Investigating Protein-Protein Interaction Networks with Force Spectroscopy

Abstract

Colicins are antimicrobial proteins produced by bacteria. Their highly active modes of killing make colicins of interest as a potential new class of antibiotics. However, the precise mechanism of cytotoxicity is not understood thus limiting their translation to biotechnological applications.It is thought that colicin intoxication occurs via a series of protein-protein interactions (PPIs) that span the periplasm (Housden et al. Science, 2013). Mechanical force may play a role in this process by an inside-out energy transduction mechanism. Periplasmic proteins that are subverted by colicins have either a known role in applying force during their normal function in-vivo or are highly homologous to proteins that do.In this work we study the colicin E9 system and the PPIs that remodel during its translocation across the outer and inner membranes of E. coli. Through a series of in-vitro single molecule force spectroscopy experiments performed using an atomic force microscope, we identify a mechanism by which dissociation of the highly avid colicin E9-immunity protein interaction (fM affinity, half-life days) can take place via the application of small forces (<20 pN) during colicin translocation (Farrance et al. PLoS Biol, 2013).
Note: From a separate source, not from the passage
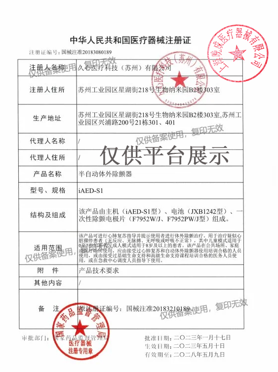 久心醫(yī)療 AED 半自動(dòng)體外除顫器 iAED-S1 參數(shù)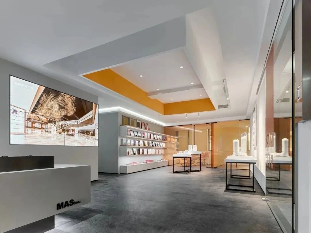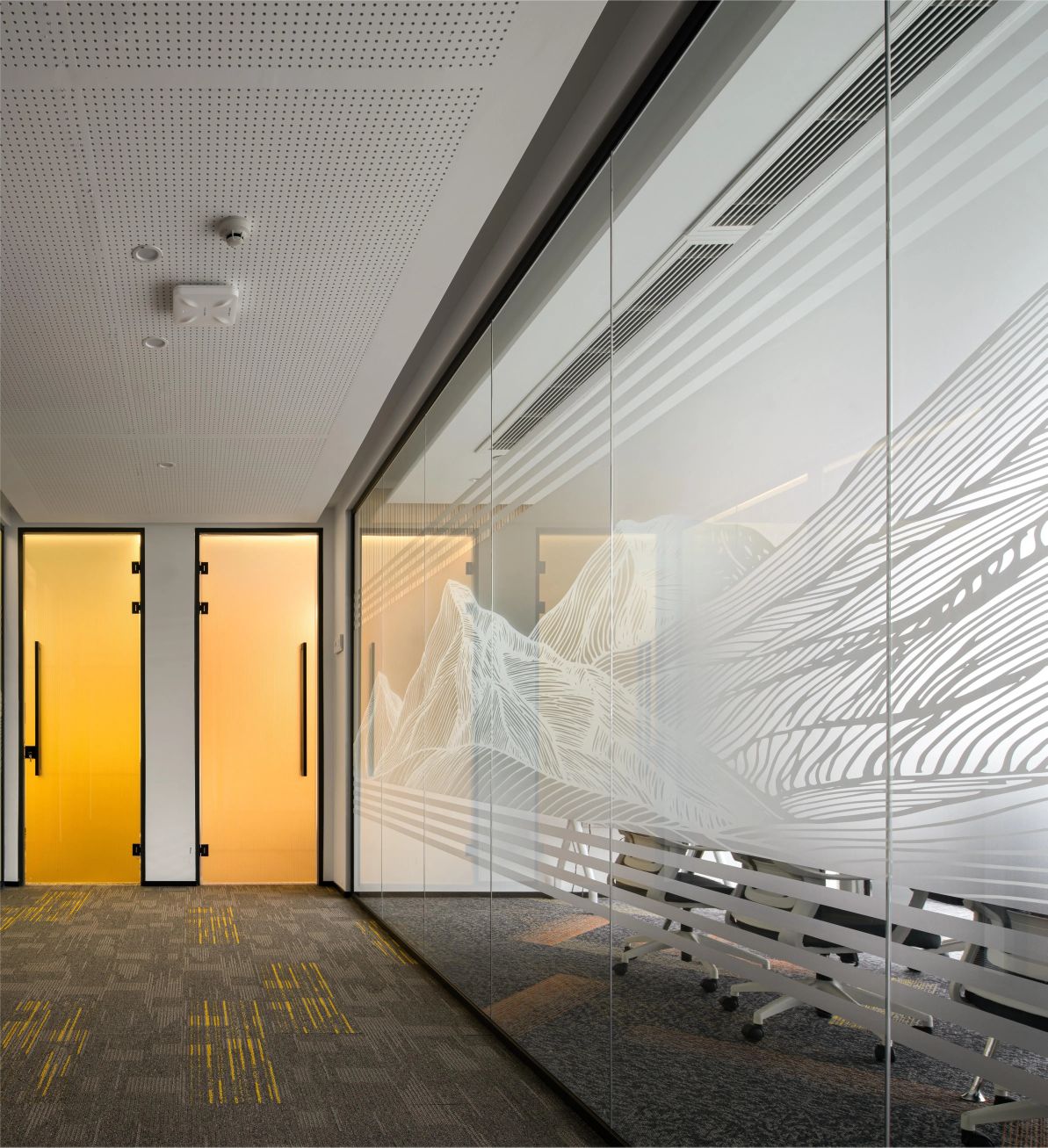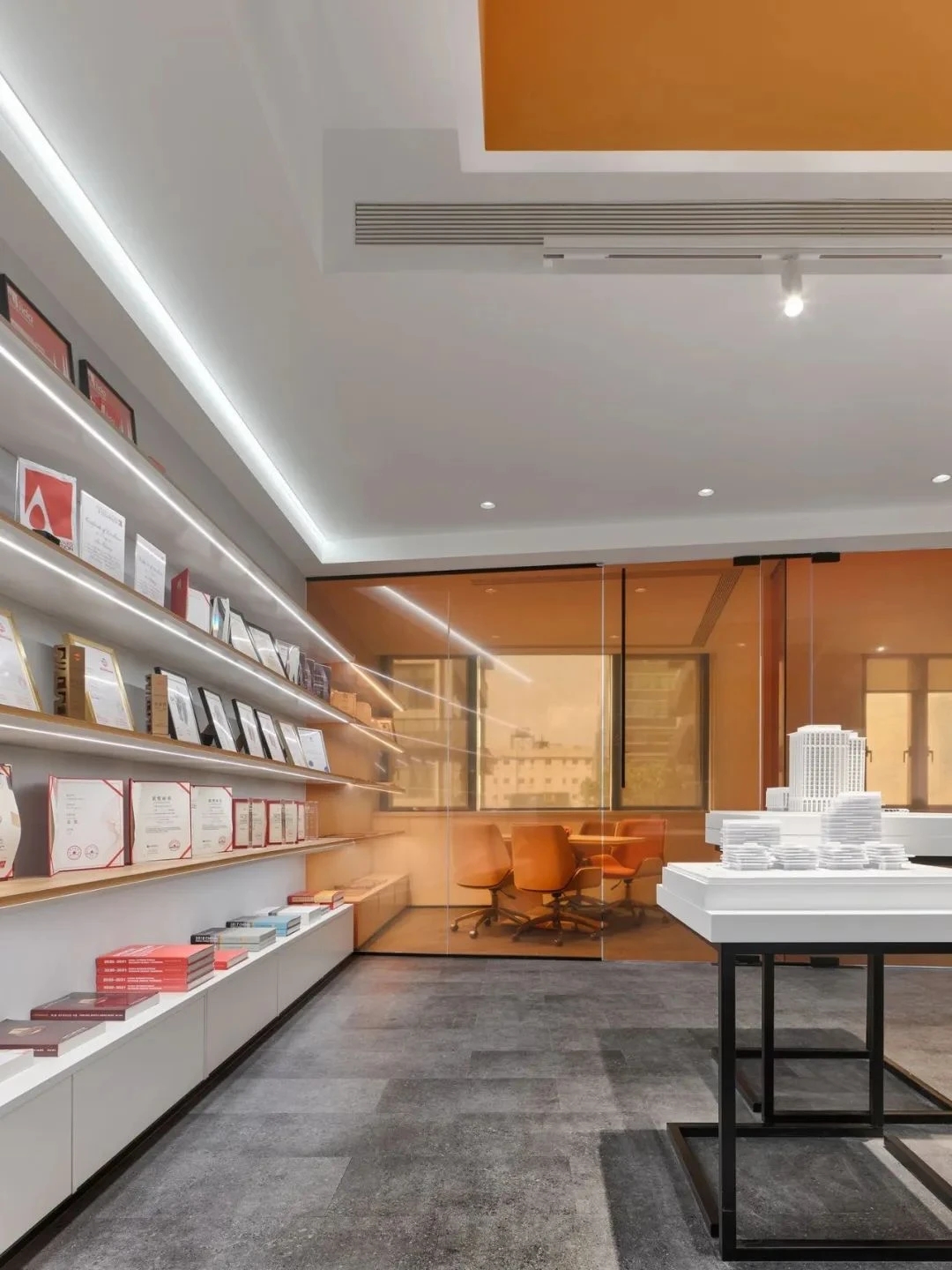荣誉展示区,光线透过接待室,橙色贴膜与自然光的融合,使展示空间中更具无限延伸,彰显活力。

Such a mechanism could account for the disparity between measured lifetimes of colicin-immunity protein interactions and the timescale on which colicins kill (days vs. minutes) for which immunity protein release is a prerequisite.Further and ongoing pulling experiments on other PPIs formed during colicin E9 translocation involving periplasmic proteins from the Tol complex also show interesting behaviour under applied forces. These results suggest that the PPI network formed during E9 translocation would be able to support and transduce significant forces and these may be crucial in understanding the mechanism by which colicins gain access to the cellular interior and ultimately kill their target.